Thumbnails
Date: 03/13/06
(Web Development) Keywords: ecommerce, css, asp
There's this ecommerce site I created a while ago and all the item thumbnails nicely flow on the page thanks to CSS. The number of items in each row is not fixed and flows to the width of the user's screen. In my opinion this makes very efficient use of screen real estate and therefore maximizes the number of items someone can see at one time.
A different site than the one in question, but I used the same technique.
Well lately on two other sites two people who are basically computer illiterate fail to appreciate the elegance of this solution.
A-The number of items much be the same on each row.
Sorry that is unreasonable and only possible if that category has an even number of items. The say that they understand and then when an item is added or removed from the store there an "emergency". This person calls the IT guy at 6 on Friday to say that there's a major problem with the ____ site that the last row only has one item! I have tried to help explain this and they just don't want to accept the fact that they just don't grasp how this sort of thing should work.

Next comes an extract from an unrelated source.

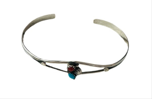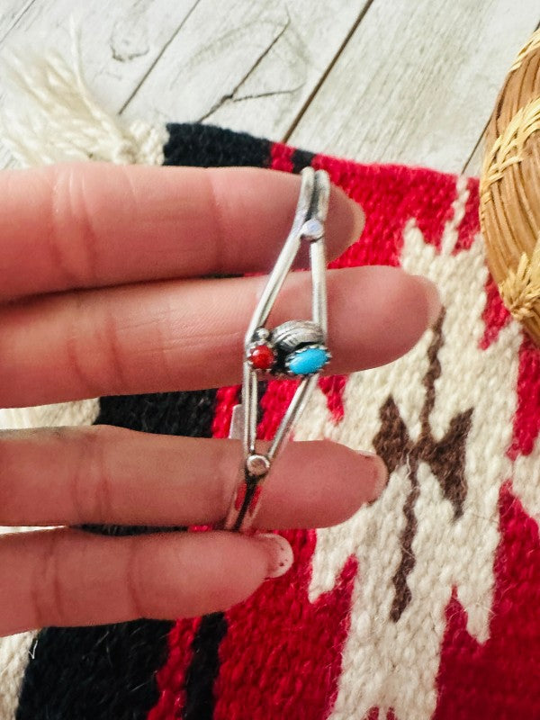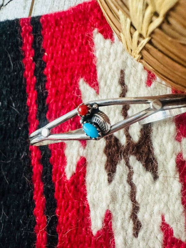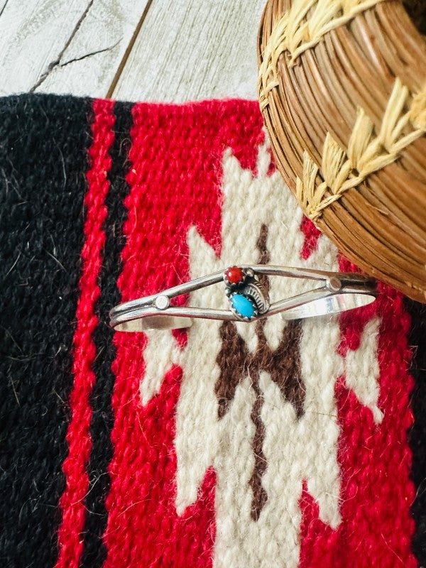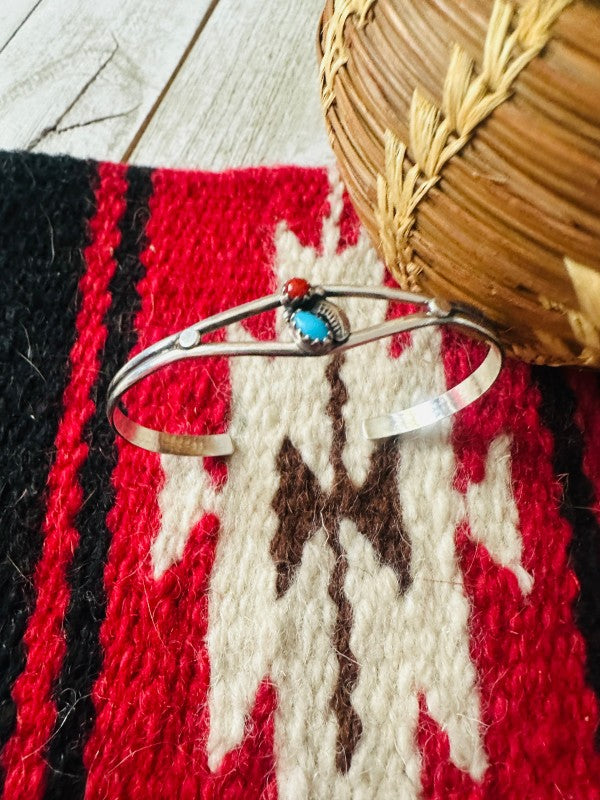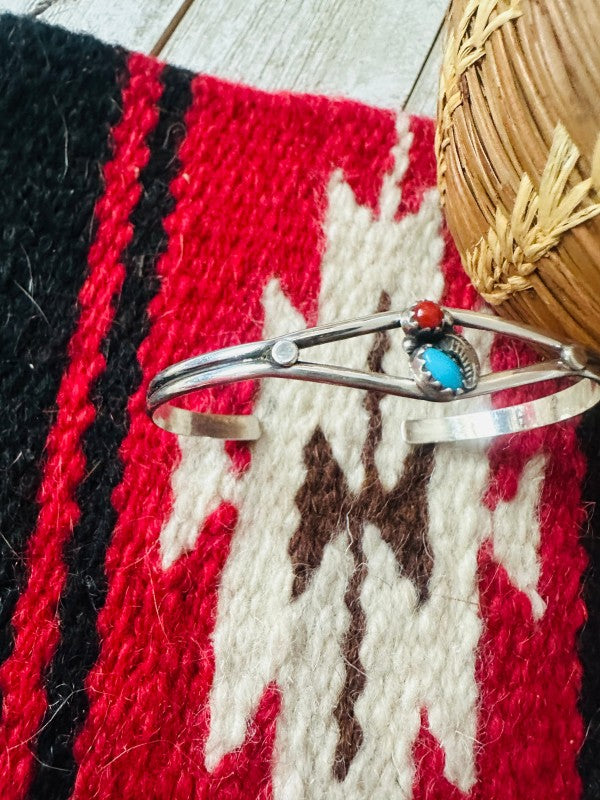 Awesome Navajo Sterling Silver, Turquoise and Coral Cuff Bracelet. Such beautiful craftsmanship! Cuff has an inside circumference of 5 1/4 inches with a 7/8 of an inch gap. Width is 1/2 of an inch.

B-If a category only has two items then they must have larger thumbnails or centered, they look too "lonely".
I really just plain don't know how or why to solve this "problem" except that there shouldn't be a separate category for just two items. The company won this award and they have two special items to promote this and they insist on these items having their own special category. My point is that categories should be created with the intent of allowing the users to find items easily, not so much as a marketing tool. The one item is already a large image featured on the home page, so it is unlikely that the site's visitors will miss that item.
I usually am pretty good at simplifying explanations for things like this, but I am just stumped on a definitive reasoning behind why I have done things the way I've done them—the correct way as I see it.